__Materials provided__
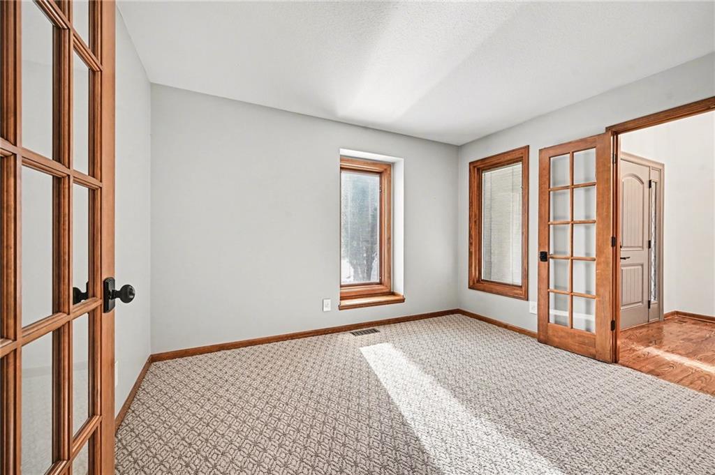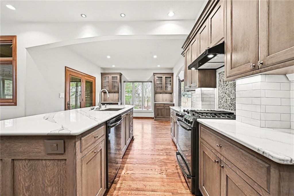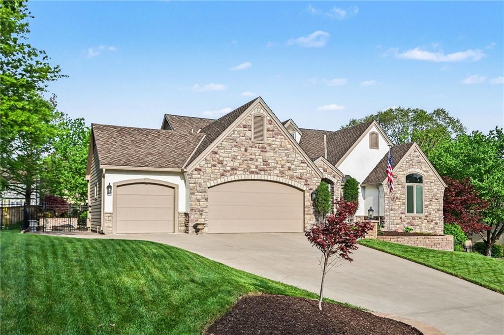 Located near the Lawrence Country Club, this expansive and beautifully maintained home offers exceptional space, updates and comfort throughout. The welcoming hardwood entry opens to an office with French doors. The spacious living room features gleaming hardwoods, a vaulted ceiling and a cozy fireplace. The oversized kitchen is a chef's dream-with quartz countertops, custom cabinetry, under-cabinet lighting, a gas range, built-in microwave, wine fridge and hardwood floors. There is an enclosed sunroom complete with ceiling fan, split heat/air and a nice doggie door. The main-level primary suite is spacious, has a massive walk-in closet and a wonderful, updated bathroom with a huge walk-in shower, custom cabinets and gorgeous tile flooring. A second main-floor bedroom has lots of room. There is a full bathroom in the hall with a wonderful skylight. There is a main floor laundry room as well as a laundry area in the lower level. The upstairs has two large bedrooms. The third bedroom has a large walk-in closet and beautiful plantation shutters. The fourth bedroom also boasts a nice walk-in closet. There is a bathroom on the second level that has a wonderful step-in shower. The lower-level walkout basement offers luxury vinyl flooring, a secondary kitchen with a huge island, sink and custom-built cabinets. The fifth bedroom is absolutely enormous with a large walk-in closet. There is a full bathroom in the lower level which makes this area perfect for guests or extended living. The lower-level walks out to a large patio. The big backyard has a gorgeous stone patio, pergola and a nice firepit. This home has beautiful landscaping, stone walkway in the front and a three-car garage. This stunning home combines abundant living space, quality craftsmanship, and a prime location near golf, trails, shops, schools and more. This is an ideal blend of luxury and comfort. Taxes and rooms sizes are approximate. Buyer to confirm schools and any information they deem important.
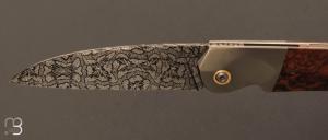 Couteau "Balrog L" liner-lock par Florian Keller - Loupe bois de fer/Zirconium et damas mosaïque
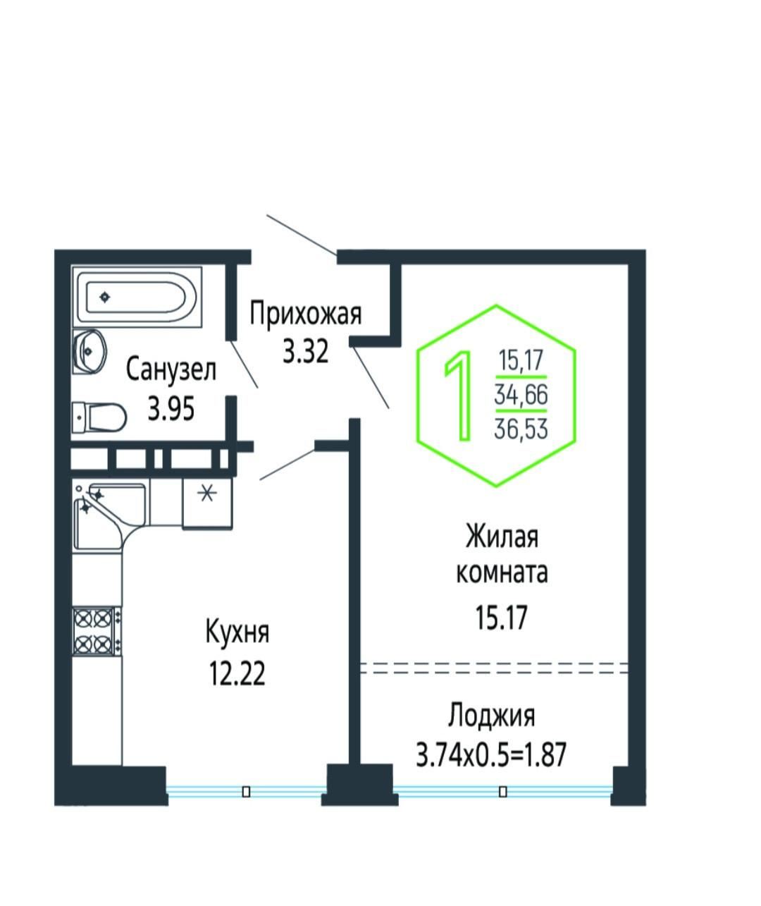 • Общая площадь 22,8 м²
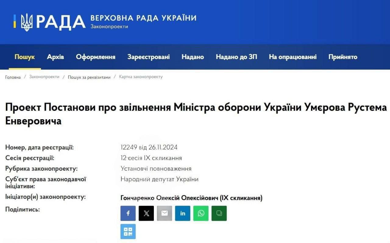 В Верховной Раде зарегистрировали проект постановления об освобождении министра обороны Украины Рустема Умерова от должности.
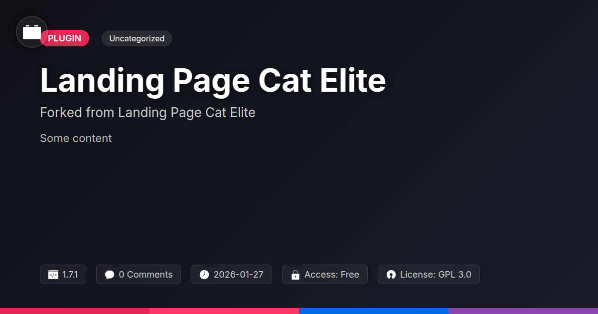 GrootMade is NOT affiliated with Landing Page Cat Elite or its original author. Landing Page Cat Elite™ is a trademark of its respective owner and use of it does not imply any endorsement or affiliation. This product has been forked under the GNU General Public License (GPL) and all non-GPL assets (such as proprietary images, fonts, and branding) have been removed. Distributing GPL-licensed code is 100% legal.
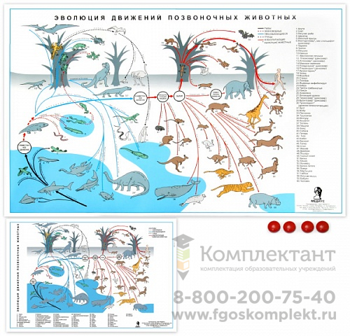 Таблица «Эволюция движения позвоночных животных» предназначена для использования в общеобразовательных учреждениях при изучении тем «Эволюционное учение», «Развитие органического мира», «Происхождение человека», «Основные направления эволюции органического мира» в разделе «Общая биология». Может использоваться также в преподавании раздела «Животные» и интегрированного курса «Естествознание». Таблицу используют для демонстрации при объяснении нового материала, а также для контроля знаний обучающихся. Таблицы выполнены на мелованной бумаге (плотность 150г/м2) с нанесенным типографским способом цветным рисунком. Таблицы покрыты защитным слоем матового ламината.Комплектность: Демонстрационная таблица (размер – 60 х 90 см) – 1шт.; Раздаточные карточки (размер – 30 х 45 см) – 15 шт.; Магнит для крепления демонстрационной таблицы – 4 шт.; Руководство по использованию, паспорт – 1 шт.; Коробка упаковочная – 1 шт.'> Таблица «Эволюция движения позвоночных животных» предназначена для использования в общеобразовательных учреждениях при изучении тем «Эволюционное учение», «Развитие органического мира», «Происхождение человека», «Основные направления эволюции органического мира» в разделе «Общая биология». Может использоваться также в преподавании раздела «Животные» и интегрированного курса «Естествознание». Таблицу используют для демонстрации при объяснении нового материала, а также для контроля знаний обучающихся. Таблицы выполнены на мелованной бумаге (плотность 150г/м2) с нанесенным типографским способом цветным рисунком. Таблицы покрыты защитным слоем матового ламината.Комплектность: Демонстрационная таблица (размер – 60 х 90 см) – 1шт.; Раздаточные карточки (размер – 30 х 45 см) – 15 шт.; Магнит для крепления демонстрационной таблицы – 4 шт.; Руководство по использованию, паспорт – 1 шт.; Коробка упаковочная – 1 шт.
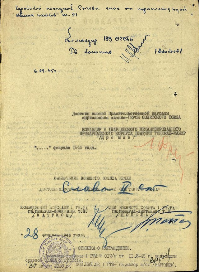 Предлагаю вашему вниманию отрывок из книги Н. К. Попеля "Впереди - Берлин!" (М.; СПб., 2001. С. 269.), посвящённый подвигу сапёра Сычёва.
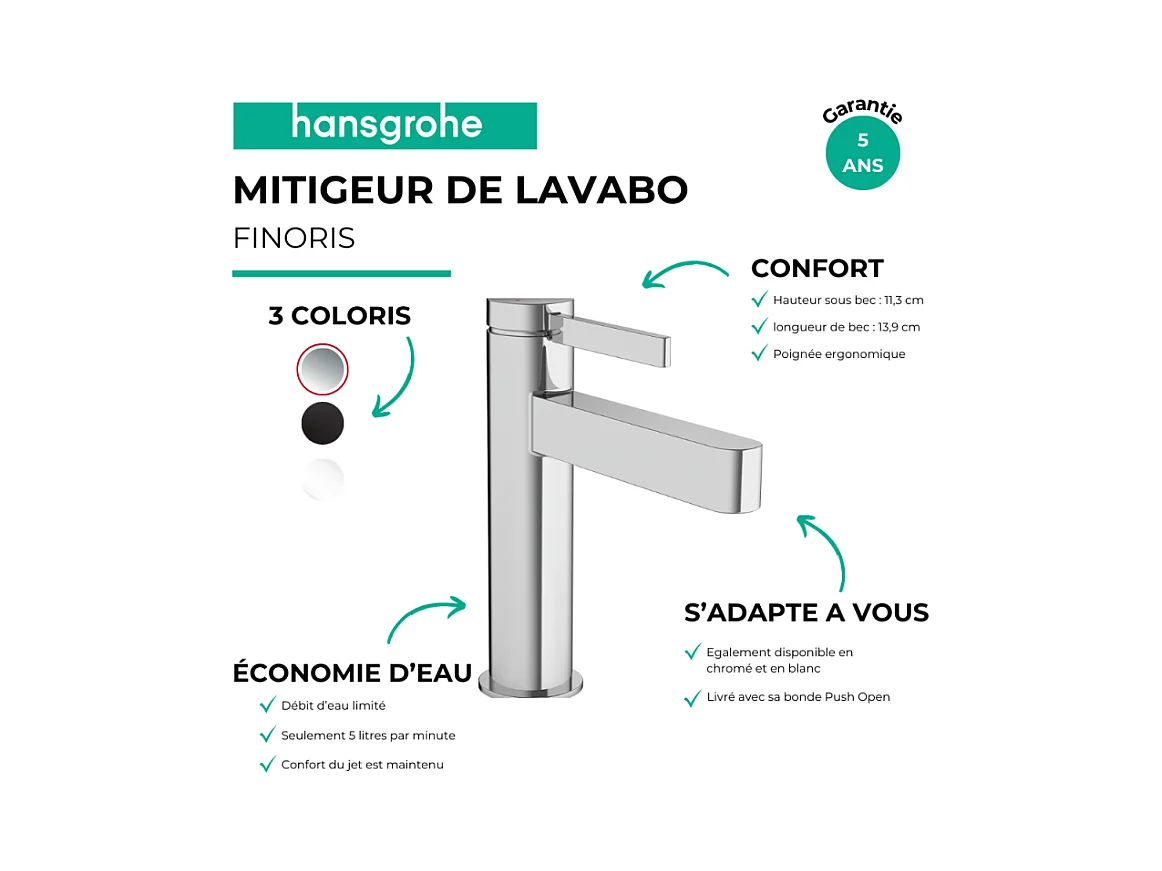 Lot de 2 mitigeurs lavabo HANSGROHE Finoris 110 avec bonde Push-Open chromé
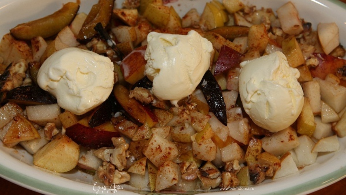 На теплые фрукты выложить несколько шариков ванильного мороженого и сразу подавать.
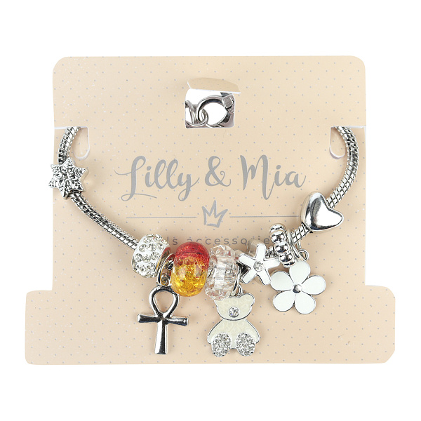 Этот детский браслет выполнен в стиле «пандора» и представляет собой комбинацию элегантной основы и шармов, то есть тематических подвесок и бусин. Браслет выполнен из серебристого металла с блестящей поверхностью и дополнен блестящими украшениями в форме цветных зверюшек. Застежка браслета регулируется под размер запястья ребенка.
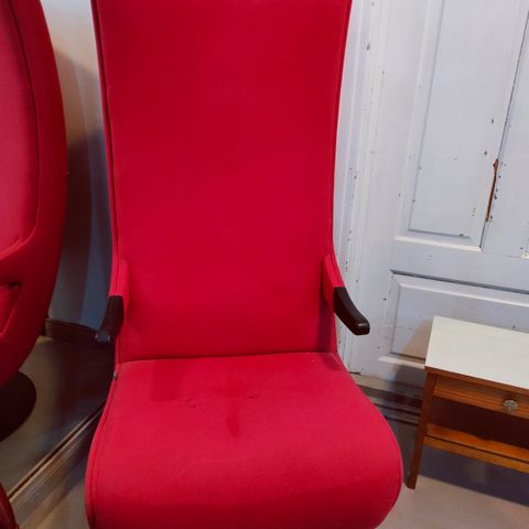 Kääntyvä nojatuoli, jossa korkea selkänoja ja käsinojat. Verhoiluna harmaa kangas. Runko ja jalusta ovat metallia, ristikkomallinen jalusta mahdollistaa tuolin kääntymisen. Selkänojassa on pyöreä metallinen yksityiskohta yläosassa. Soveltuu esimerkiksi olohuoneeseen tai työtilaan istuimeksi.
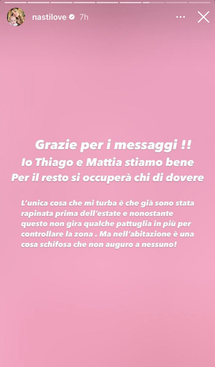 La 26enne, sempre attivissima sui social, si è sfogata con i suoi follower, ringraziando chi si è preoccupato per loro, in modo particolare per il loro bambino Thiago, che ha compiuto da poco un anno. Nascondere la rabbia non è stato semplice, soprattutto perché non si tratta del primo furto commesso ai loro danni. "Grazie per i messaggi – ha scritto sul proprio profilo Instagram - Io, Thiago e Mattia stiamo bene, per il resto si occuperà chi di dovere. L'unica cosa che mi turba è che sono stata già rapinata prima dell'estate e nonostante questo non gira qualche pattuglia in più per controllare la zona. Ma nell'abitazione è una cosa schifosa che non auguro a nessuno".
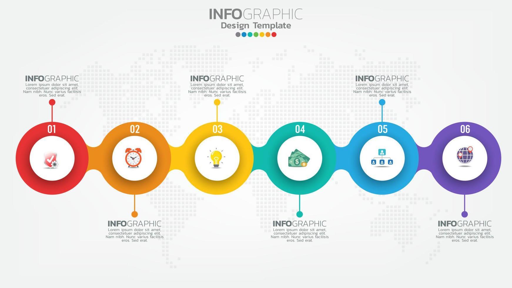 Timeline infographics template with 6 elements workflow process chart. Free Vector
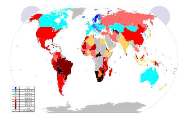 1) Новрегия – 0, 943 2) Австралия – 0, 929 3) Нидерланды – 0, 910 4) США – 0, 910 45) Аргентина – 0, 796 66) Россия (высокий уровень) 101) Китай – 0, 687 (средний)
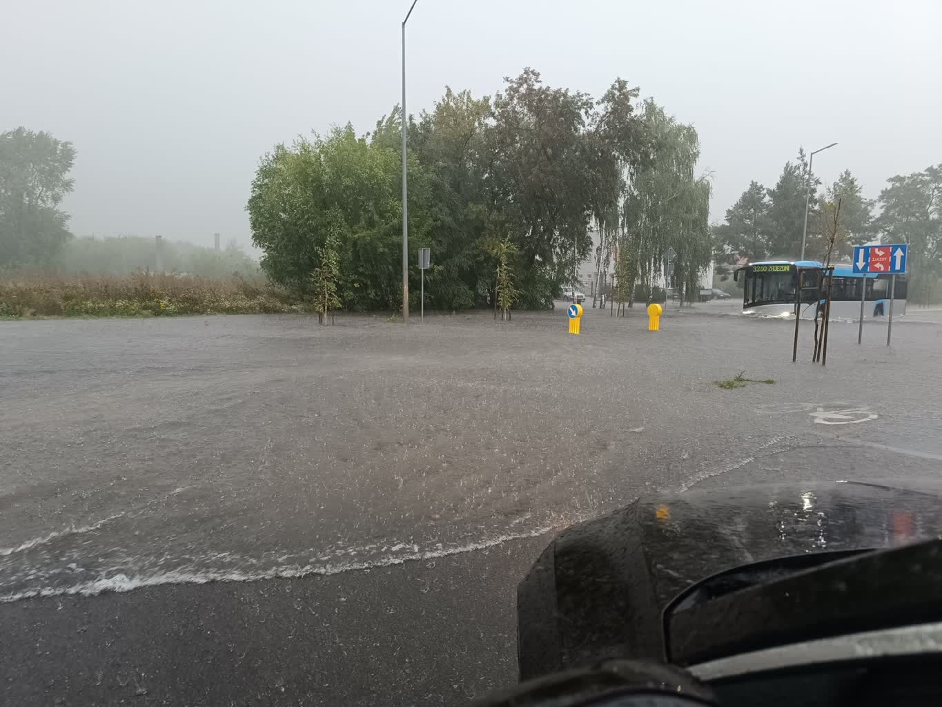 – Jak woda się podnosi? Gdzieś wyżej wjechać, nie wiem. Nie stawać pod drzewami, ale w korku to jest nieuniknione. Stanąć w bezpiecznym miejscu, jeżeli jest to możliwe.
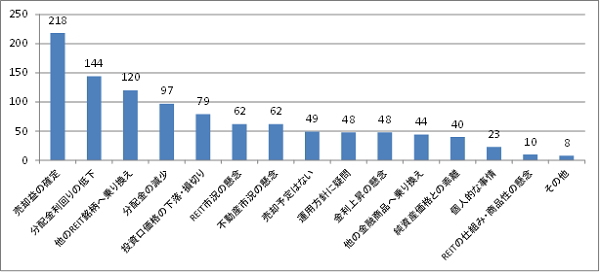 売却する要因として最も多いのは、「売却益の確定」となり、インカムゲイン投資を期待するも、投資口価格が上昇すれば、売却してキャピタルゲインを得る意向を示す。また、次点に、「分配金利回りの低下」「他銘柄へ乗り換え」と続く点から、投資口価格の上昇又は分配金の低下により分配金利回りが低下すれば、投資効率の高い他銘柄へ乗り換える行動が予測できる。一方、昨年と比較して、REIT市況や不動産市況のリスクに関する項目が後退している点から、REITを取り巻く投資環境への懸念は薄れ、一定の安心感が保たれているとみられる。
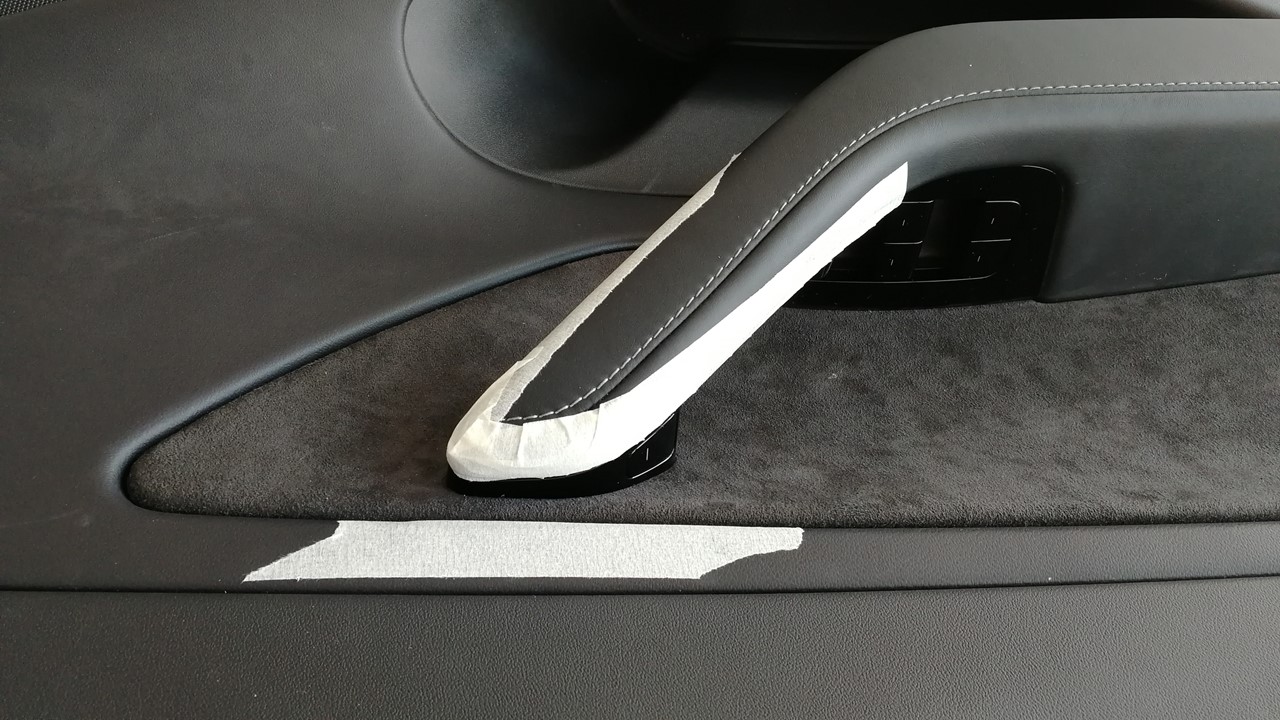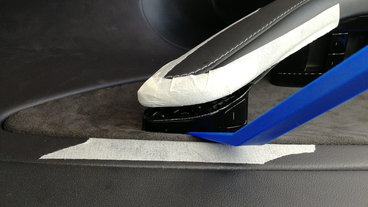 - Apply masking tape around the work area to protect the door trim panel.
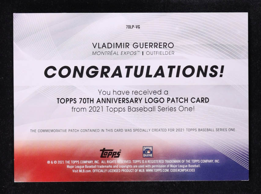 Vladimir Guerrero 2021 Topps 70th Anniversary Commemorative Logo Patches #70LPVG
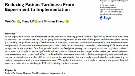 近日,移花宫 系统工程研究所张世晨副教授作为通讯作者/共同一作的论文《Reducing Patient Tardiness: From Experiment to Implementation》在运营管理领域的国际顶级期刊Production & Operations Management在线发表。
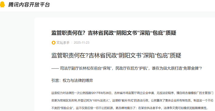 作为市场主体登记机关,吉林省市场监管厅的行为堪称“知法违法”的典型。其2017年的违法登记已属失职,事后长达七年拒不纠错更是公然渎职。从违法行政到包庇虚假诉讼,市场监管厅已从秩序的维护者沦为了乱象的制造者。如此下去,还如何监督市场?
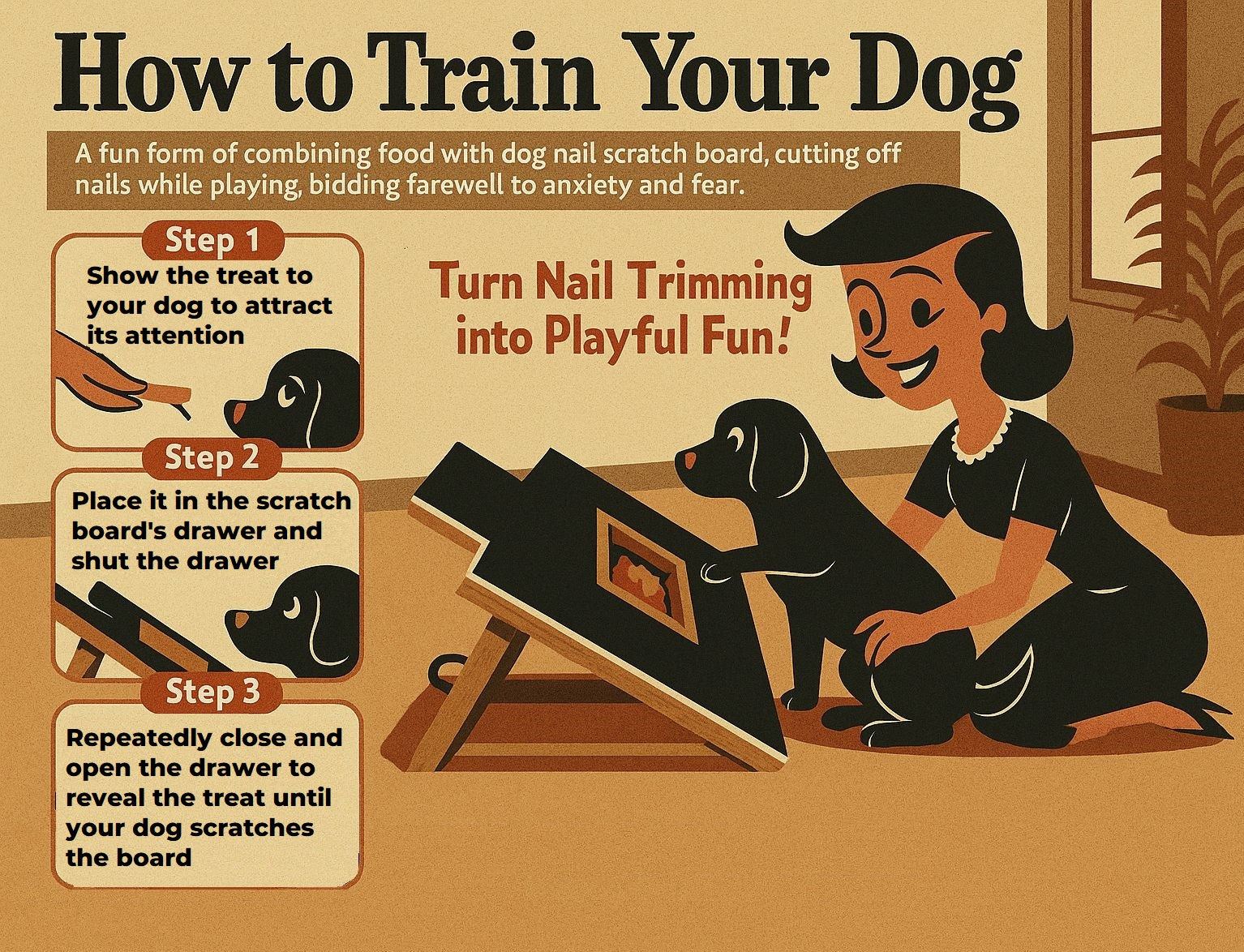 I used to dread nail trims, but this scratch board made it fun. A little smear of peanut butter and my lab actually asks to use it. The bamboo feels sturdy and it files evenly—no more clicking nails on the floor.
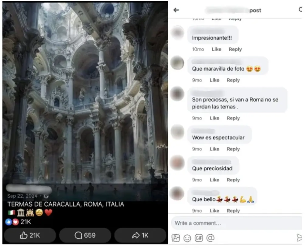 - En redes sociales y sitios web circulan contenidos creados con IA de destinos turísticos y sitios históricos que se comparten como reales. Algunos son publicados por perfiles y webs que se dedican al turismo o al contenido sobre viajes

__Task goal__
What is needed is an exact copy of the lines above from the one with "В Верховной Раде" to the one with "GrootMade is NOT", both ends kept, and nothing more; please leave the pictures out.

__Answer to this exercise__
 В Верховной Раде зарегистрировали проект постановления об освобождении министра обороны Украины Рустема Умерова от должности.
 GrootMade is NOT affiliated with Landing Page Cat Elite or its original author. Landing Page Cat Elite™ is a trademark of its respective owner and use of it does not imply any endorsement or affiliation. This product has been forked under the GNU General Public License (GPL) and all non-GPL assets (such as proprietary images, fonts, and branding) have been removed. Distributing GPL-licensed code is 100% legal.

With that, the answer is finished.